The combination FMT intervention consisted of four technologies, each of which was judged to represent a promising fatigue management technology approach from one of four domains.

• Wrist worn SleepWatch® (Precision Control Design, Inc.) contains a Sleep Management Model software algorithm (Walter Reed Army Institute of Research) for monitoring and providing feedback to drivers on sleep need and performance readiness. Wrist-worn actigraphic monitoring of drivers’ rest-activity patterns, with feedback regarding estimated sleep need, was judged to be a promising objective way to inform drivers of the development of cumulative sleep debt and the need to obtain more sleep and/or take additional alertness–promoting countermeasures.
• Copilot® system (Attention Technologies, Inc.) for infrared monitoring of driver drowsiness uses PERCLOS (a proprietary algorithm based on percentage of slow eyelid closures). On-line detection and feedback of driver drowsiness provides drivers with immediate information on their drowsiness levels when driving, which is especially important during driving in the late night and early morning hours, when drowsiness can be increased. DOT research has demonstrated that tracking slow eyelid closures (PERCLOS) reliably predicts lapses of attention associated with sleepiness.
• SafeTRAC® lane tracker system (Applied Perception and AssistWare Technology, Inc.) provides on-line monitoring of driver performance and alertness. Lane tracking, which refers to monitoring the position of the vehicle in the driving lane and detection of lane drifting, weaving, or variability in tracking the lane, is a well-established measure of driving performance. In addition to lane tracking having excellent face validity in driving safety, many studies of fatigue-related driving deficits have found variability in lane tracking to be one of the more sensitive measures of drowsiness and fatigue.
• Howard Power Center Steering (HPCS) system (River City Products, Inc.) reduces the physical work drivers must continually undertake to control vehicle stability while driving. Unlike the other FMT technologies that were designed to provide feedback to drivers on their behavioral alertness relative to fatigue based in sleep and circadian biology, the HPCS system was designed to lessen physical fatigue (in neck, shoulders and arms) associated with drivers "fighting" the steering wheel in crosswinds.

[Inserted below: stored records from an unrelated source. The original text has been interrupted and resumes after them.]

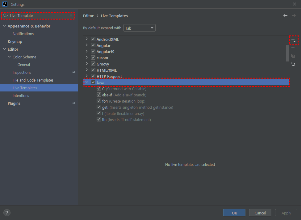 이후, 우측에 있는 "+" 버튼을 통해 라이브 템플릿 생성할 준비를 마칩니다.
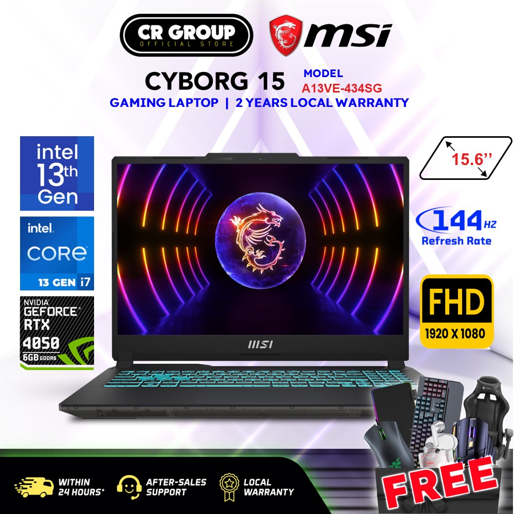 MSI Cyborg 15 A13VE-434SG Gaming Laptop - i7-13620H - RTX4050 6GB - 15.6" FHD 144Hz - 16GB DDR5 - 512GB SSD (2Yrs Agent)
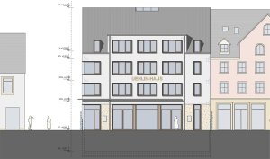 Das „UEHLIN-HAUS“ wird neu interpretiert. Die Architekturform generiert sich aus der Nachbarschaft und vor allem der notwendigen Platzwand. Das Haus muss sich in die Hauptstraße und im Gegenüber zum Rathaus im Weinbrennerstil einfügen.
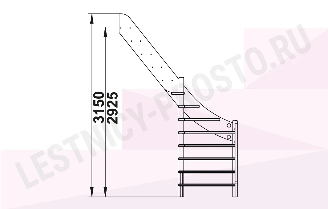 Базовый комплект включает в себя деревянные элементы лестницы без какого-либо покрытия.
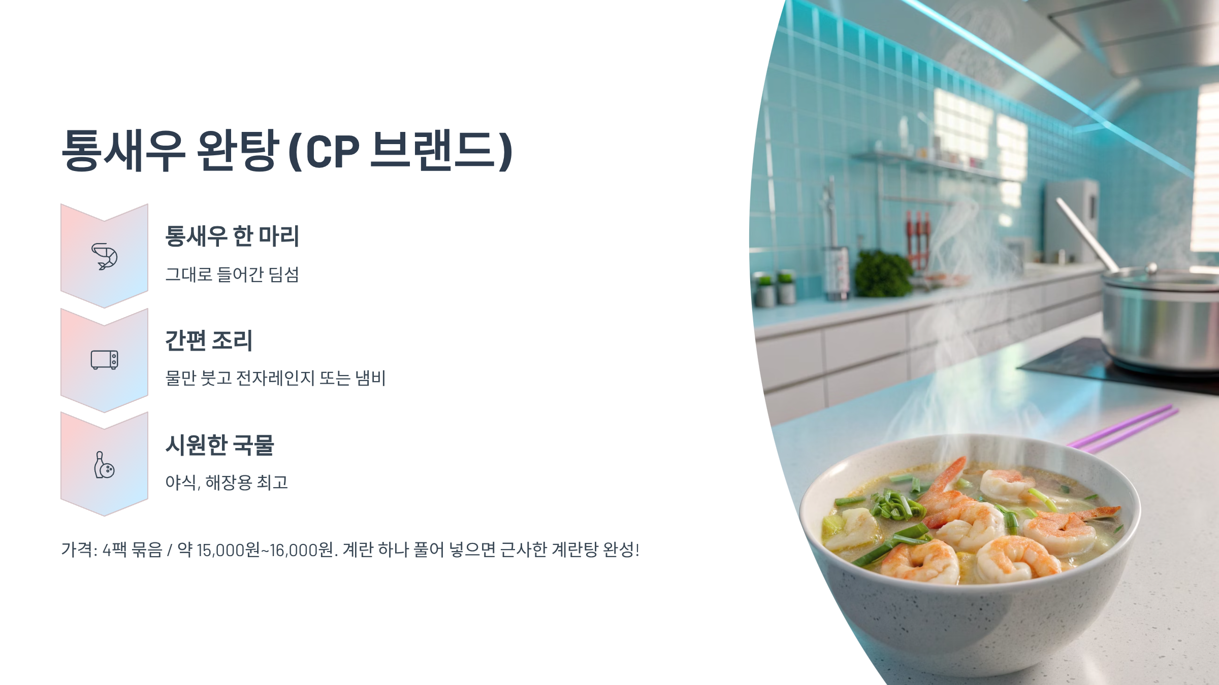 - 추천 이유: 통새우 한 마리가 그대로 들어간 딤섬입니다. 물만 붓고 전자레인지에 돌리거나 냄비에 끓이면 끝. 국물이 시원하고 깔끔해서 야식이나 해장용으로 최고입니다. 계란 하나 풀어 넣으면 근사한 계란탕이 됩니다.
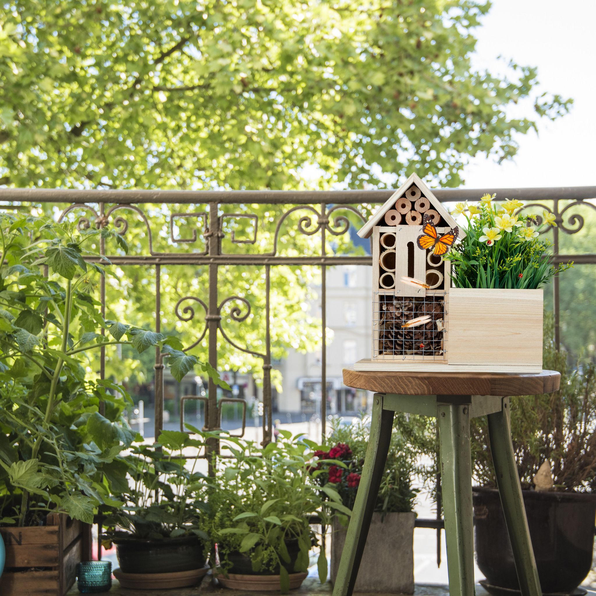 Klein insectenhuis met bloembak
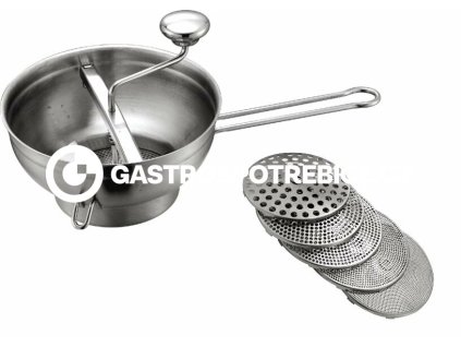 Profesionální celonerezová pasírka jejiž součástí je 5 disků s rozdílnými otvory.
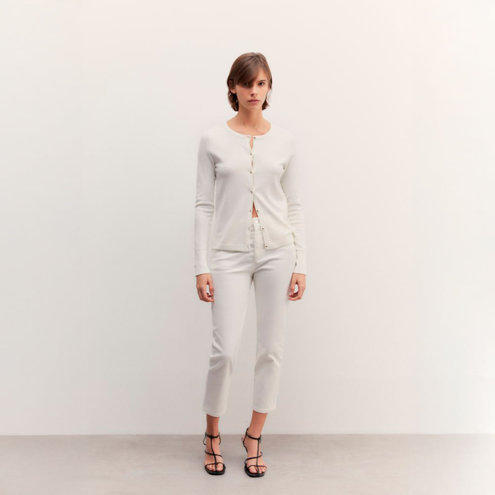 Pantalón Mujer Sfera Lino Cinturon Blanco
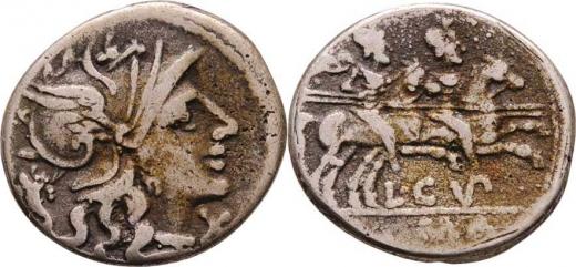 AR Denár, Hlava Romy zprava, značka "X" / Dioscuriové na koních doprava, náp."L.CVP.ROMA.", Crawford.218/1, Seaby.Cupiennia,1, Alb.866, nedor., patina
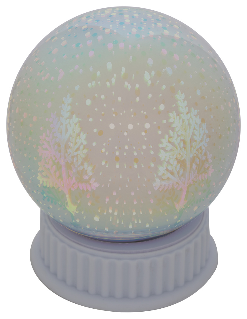 Праздничный светодиодный шар ЭРА ENGDS-14 "Новогодний лес" (арт. Б0051950) диаметром 13 см подарит теплую атмосферу вашему дому к Новому году и Рождеству! Шар выполнен из ПВХ и имеет внутреннюю проекцию елочек, которая в сочетании с холодной белой подсветкой создает ощущение глубины, шарик интересно разглядывать. Этот маленький настольный светильник станет оригинальным украшением для кухни, гостиной или спальни. Декоративный светильник работает от 3 батареек AAA и имеет класс защиты IP20 (использовать только в помещениях). Такой необычный декор для дома подарит вам ощущение праздника!
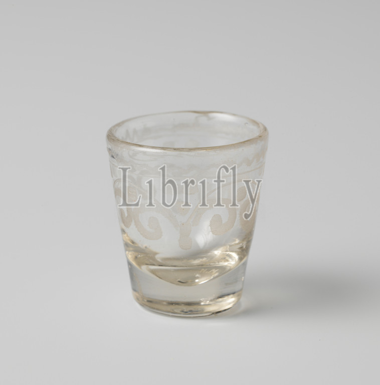 Cup decorated with engraved zigzag edging above volutes and balls, Cup of clear colorless glass with solid bottom, decoration in wheel engraving: zigzag edge above volutes and bulbs., anonymous, Germany (possibly), c. 1750 - c. 1800, glass, engraving, h 3.4 cm × d 3.0 cm
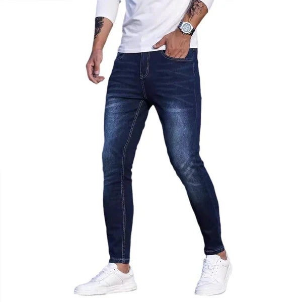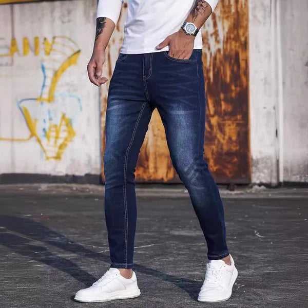 Upgrade your wardrobe with our Men's Distressed Calf Stretch Denim Trousers and experience the perfect blend of style and comfort for any occasion.

The trucks of volunteer drivers were also instrumented with the Accident Prevention Plus (AP+) on-board recording device (black box) to continuously record a range of truck motion variables (speed, lateral acceleration, etc.) as well as information from the FMT devices (PERCLOS, lane tracking variability, steering, etc.). Volunteer drivers also completed a daily diary on their work-rest activities, and performed the Psychomotor Vigilance Task (PVT) twice daily, midway and at the end of each trip, as an independent validation of their level of behavioral alertness. In addition to training in the use of all technologies listed above, drivers also received Education on Alertness and Fatigue Management before they drove with the instrumented trucks. The education module encouraged drivers to be responsible for their alertness levels at all times throughout the study. Following completion of the study drivers were debriefed and completed the Human Factors Structured Interview Questionnaire in which they reported their reactions to all interventions, measures and technologies used in the study.

A within-subjects cross-over design (i.e., using subjects as their own controls) was the most efficient way to compare the effects of combined FMT providing feedback on sleep need, alertness/drowsiness, and performance (i.e., FEEDBACK condition) with the effects of the NO FEEDBACK control (baseline) condition in which technologies were recording but no feedback of alertness/drowsiness, performance and sleep need was provided. The design did not include manipulating or controlling what the participating companies and drivers did, what schedules the drivers adhered to, or what operating practices they actually followed. Rather, the FMT intervention and data collection were applied to existing routine trucking operations. Drivers first drove for 2 weeks in the NO FEEDBACK baseline condition, in which data were recorded, but no feedback on alertness/sleepiness, performance or sleep need was provided to drivers. In the subsequent 2 weeks drivers operated with information FEEDBACK from the SleepWatch®, the Copilot® system for monitoring PERCLOS, and the SafeTRAC® lane tracker. The Howard Power Center Steering system was also available to use during these 2 weeks of FEEDBACK.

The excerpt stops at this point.